In any case, I didn't mean that one follows on from the other but rather the two sounds are very similar and both are related by being realisations of the assimilated "th".


----------



## solidcell

In the US, almost everyone says it like "close", despite what most of the British are saying about how we pronounce it.


----------



## Spira

timpeac said:


> How do you know?
> 
> Because this is a London "working-class" thing, that's all. Nothing to do with eliminating the "th", just deforming it. I think most Londoners are familiar with it.


----------



## ampurdan

This is the line that parodied the famous "The rain in Spain stays mainly in the plain" of _My Fair Lady_, in an episode of _The Simpsons_ called "My Fair Laddy":

"What fl*ows* from the n*ose* does not go on my cl*othes*".
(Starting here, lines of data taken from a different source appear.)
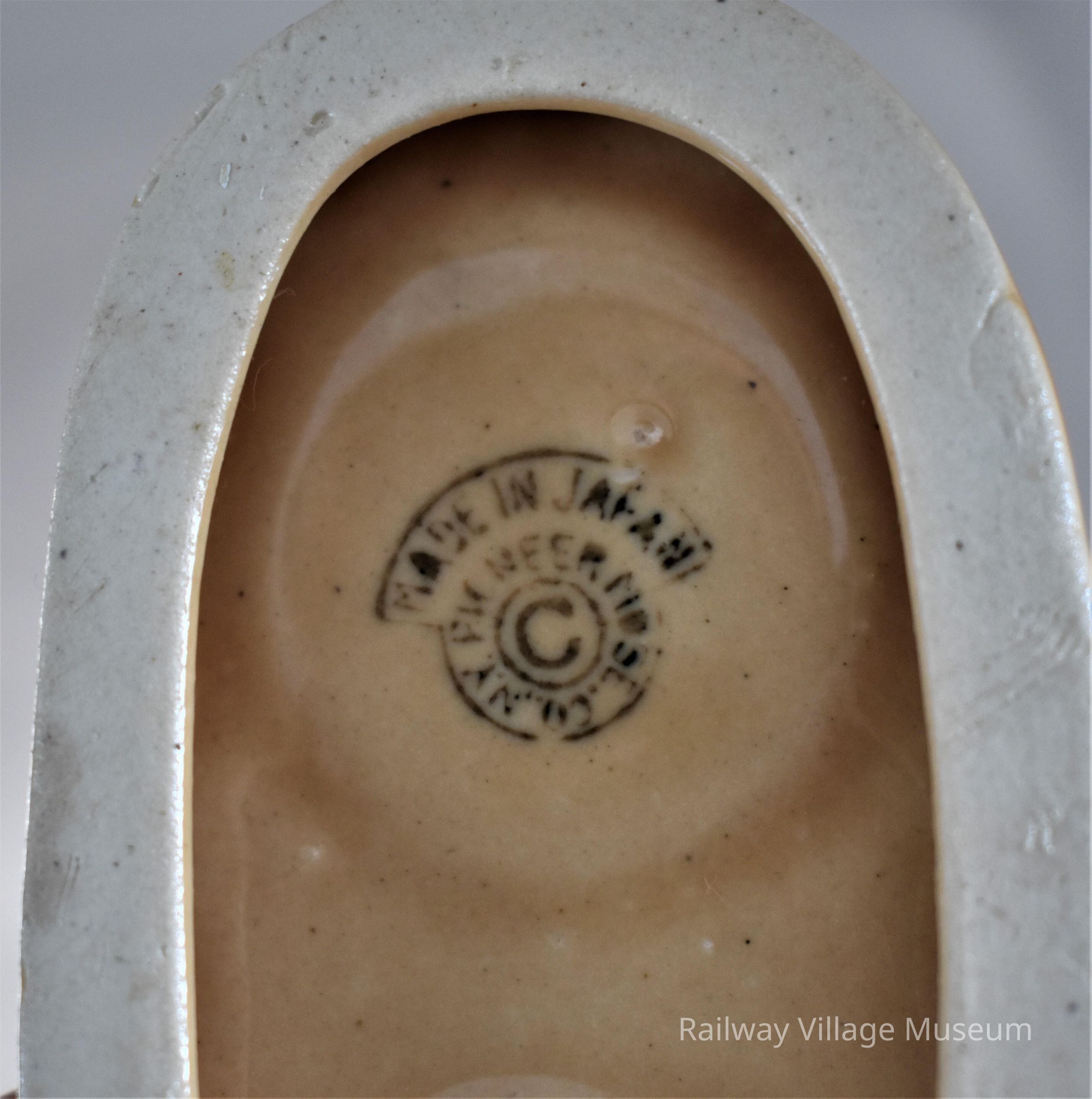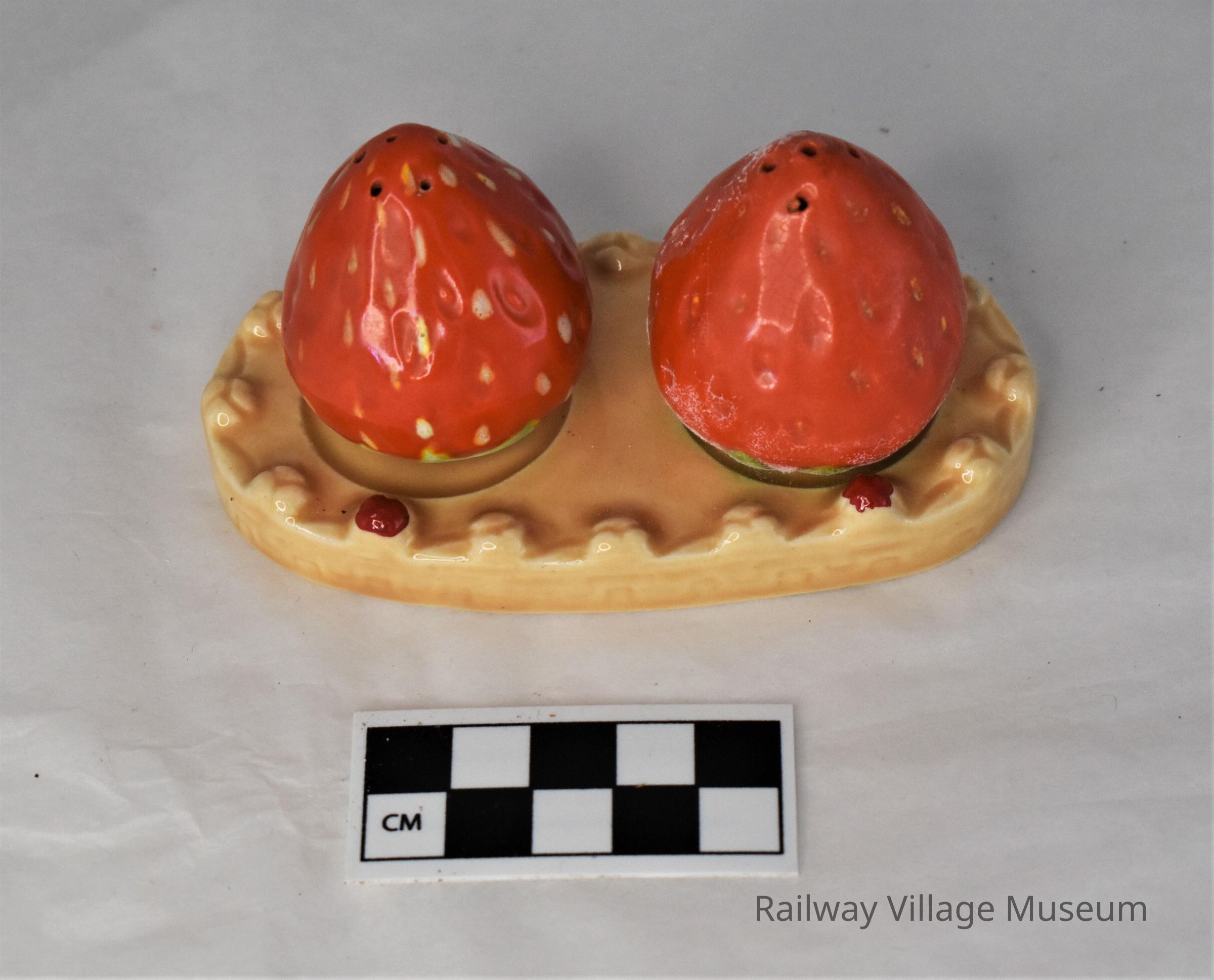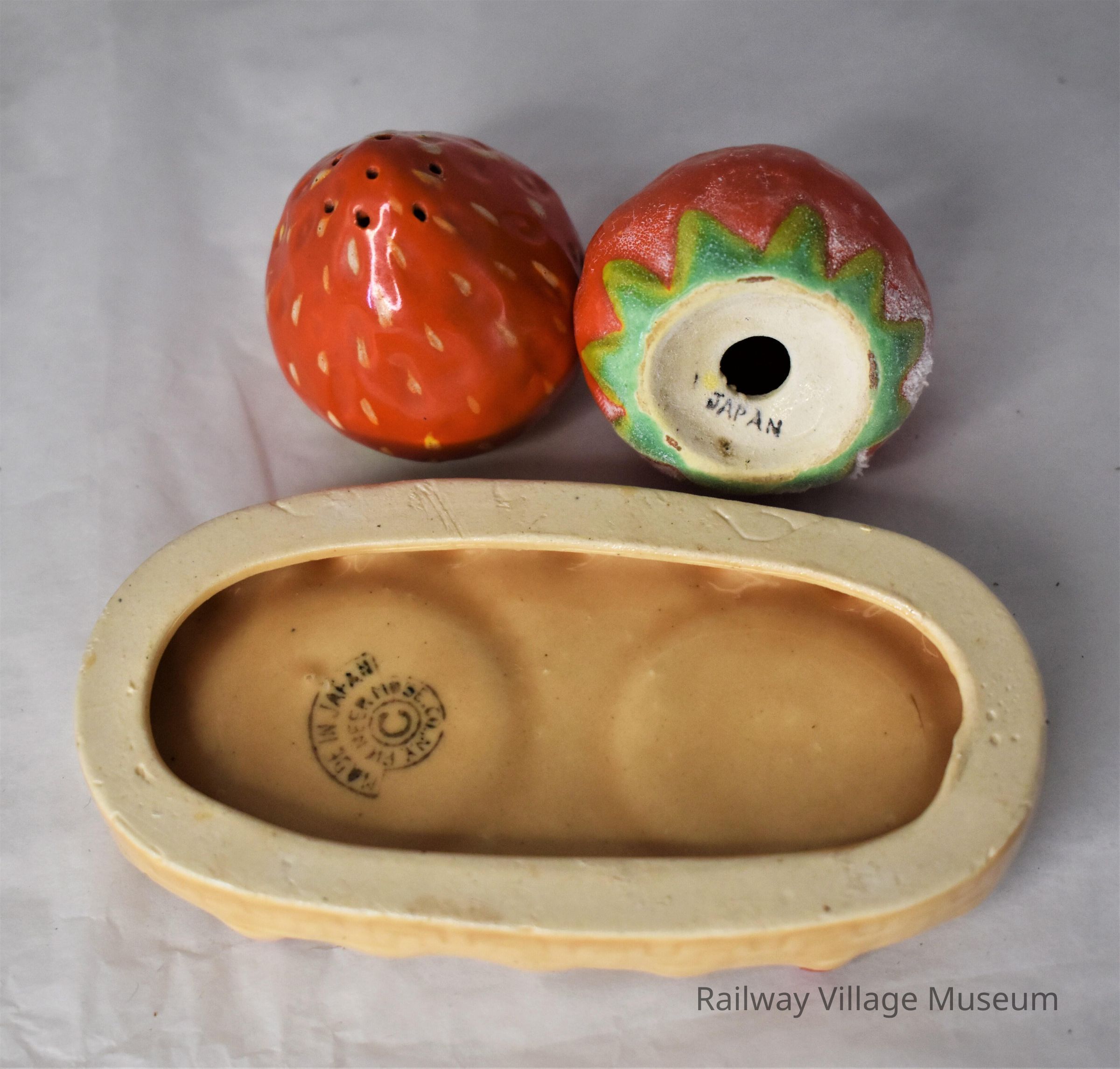 This ceramic salt and pepper set includes two matching strawberry shakers sitting atop a small dish that looks like a pastry. Only one of the shakers still has the cork stopper intact. Both shakers are stamped with "Japan". The bottom of the pastry dish has a full maker's mark from the Pioneer Mose Co. N.Y.
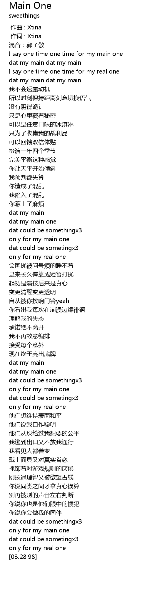 | [03:18.76] | only for my main one |
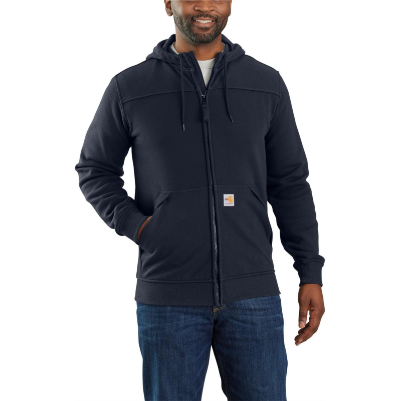 Feel ready to accomplish any demanding work task with the Carhartt Men''s Flame-Resistant Relaxed Fit Rain Defender Force Fleece Jacket. The 46% lyocell, 37% modacrylic, 14% aramid and 3% elastane spandex fleece construction offers a long-lasting and stretchy feel, and the Rain Defender technology helps keep you dry. The abrasion-resistant design on shoulders, hood, pockets waist and cuffs provide dependability and protection, and the attached hood with FR drawstring delivers a custom fit. 46% lyocell, 37% modacrylic, 14% aramid and 3% elastane spandex fleece material provides durability and flexibility
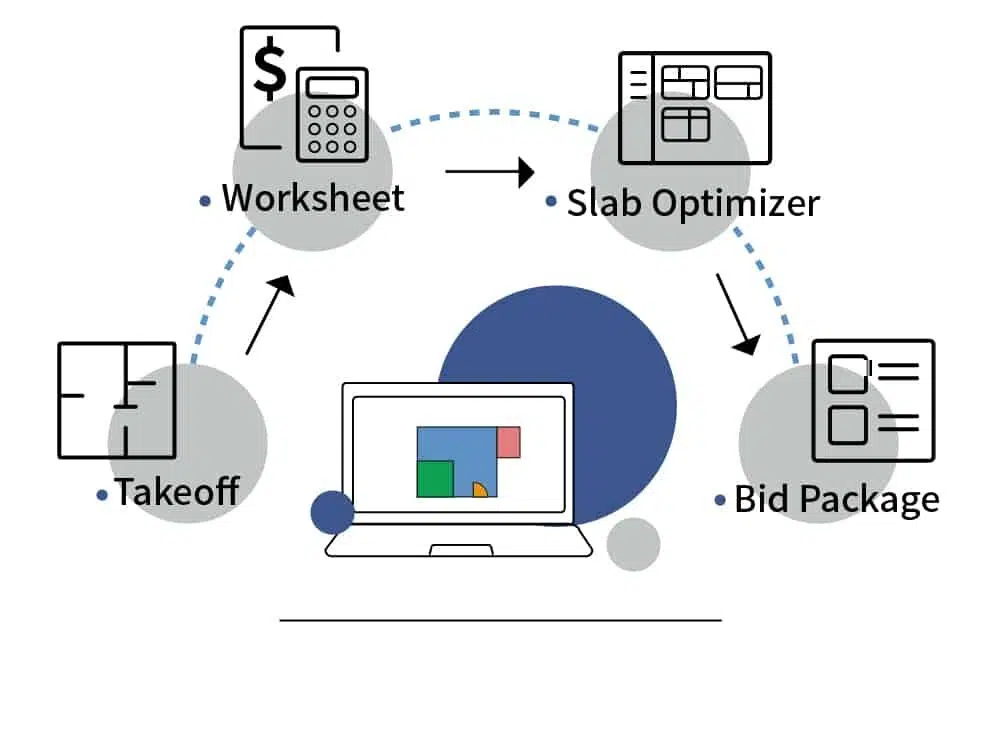 General takeoff estimating software for construction trades has existed for years, systems like AutoCAD, PlanSwift, BlueBeam have been deployed for product/area takeoffs for stone/countertop and tile projects by the trade contractors, distributors, and fabricators to streamline the estimating process.
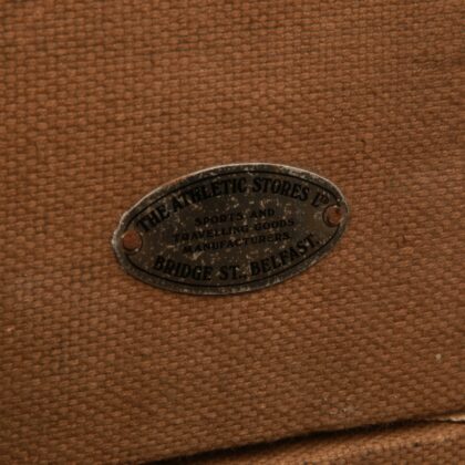 Has a small metal label attached which reads, "The Athletic Stores Ltd. Bridge St. Belfast".
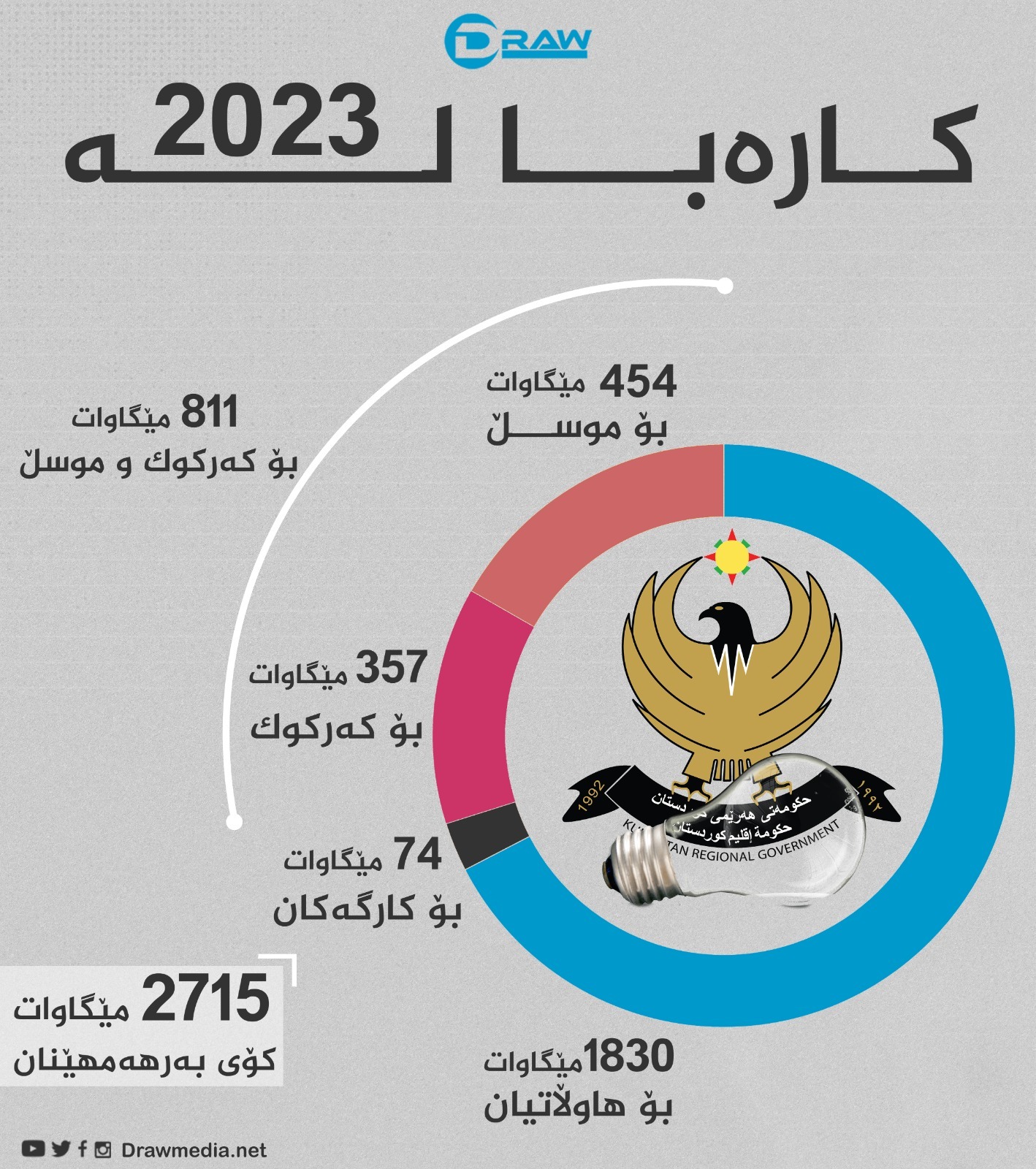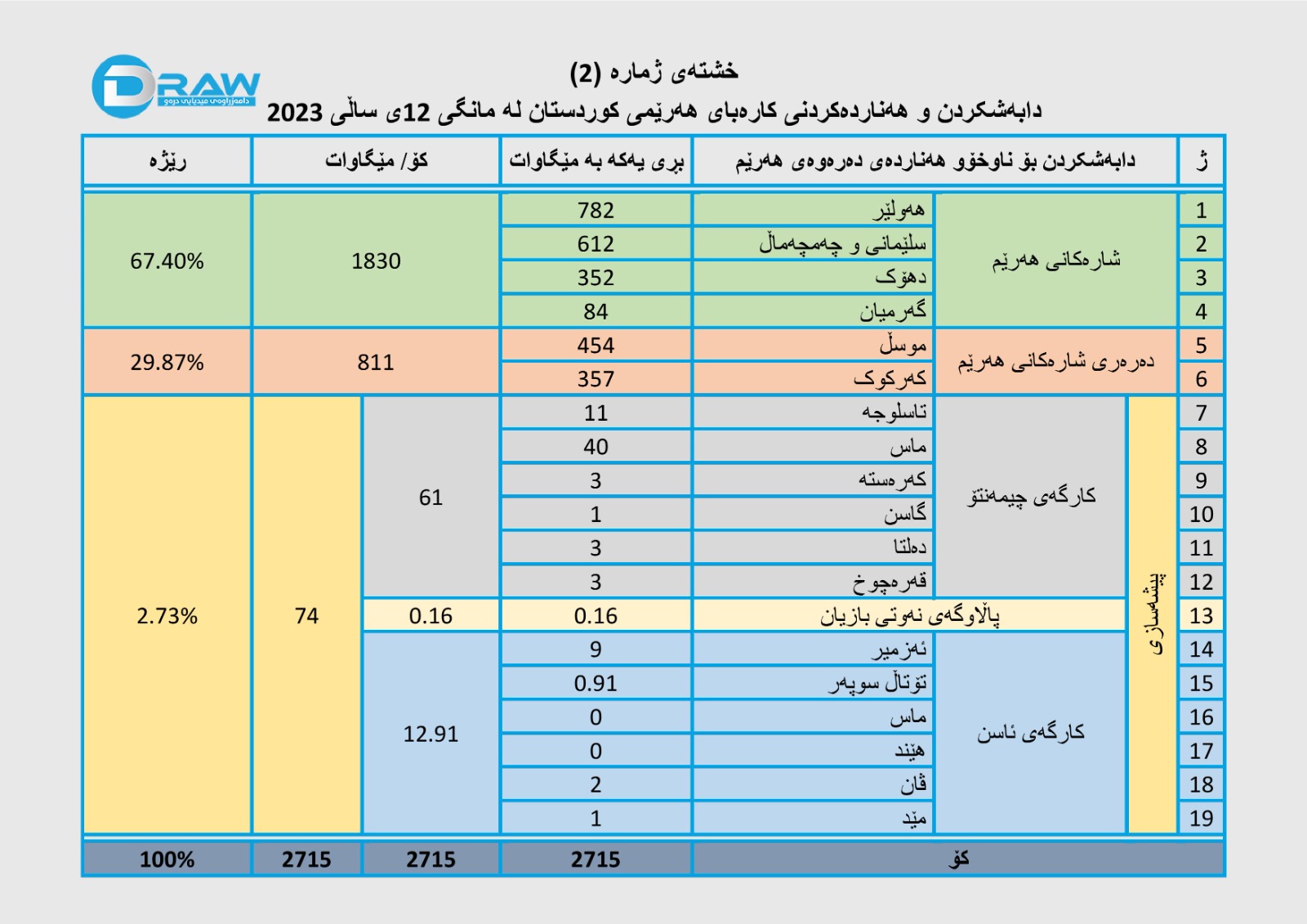 بەپێی داتاکانی بەڕێوەبەرایەتی گشتی دابەشکردنی کارەبای هەرێم لە مانگی (12)ی ساڵی (2023)، لە سەرجەم وێستگاکەکانی کارەبای هەرێم (2 هەزار و 715) مێگاوات کارەبایان بەرهەمهێناوە؛ بەم شێوەیە دابەشکراوەتەوە بەسەر پارێزگاکانی هەرێم و کەرتی پشەسازی و هەناردەکردنی بۆ شارەکانی (کەرکوک و موسڵ) بەم شێوەیەی لای خوارە؛

That pretty much settles the issue for AE, right?


----------



## Pertinax

Fowler says that the original pronunciation was "close".  E.g Shakespeare:
_Then up he rose, and donned his clothes._

Fowler adds that "this is often deliberately abstained from in the mistaken belief that it is 'vulgar or careless'".

In light of that, I am sorry to say that I pronounce the "th".


----------



## timpeac

ampurdan said:


> This is the line that parodied the famous "The rain in Spain stays mainly in the plain" of _My Fair Lady_, in an episode of _The Simpsons_ called "My Fair Laddy":
> 
> "What fl*ows* from the n*ose* does not go on my cl*othes*".
> That pretty much settles the issue for AE, right?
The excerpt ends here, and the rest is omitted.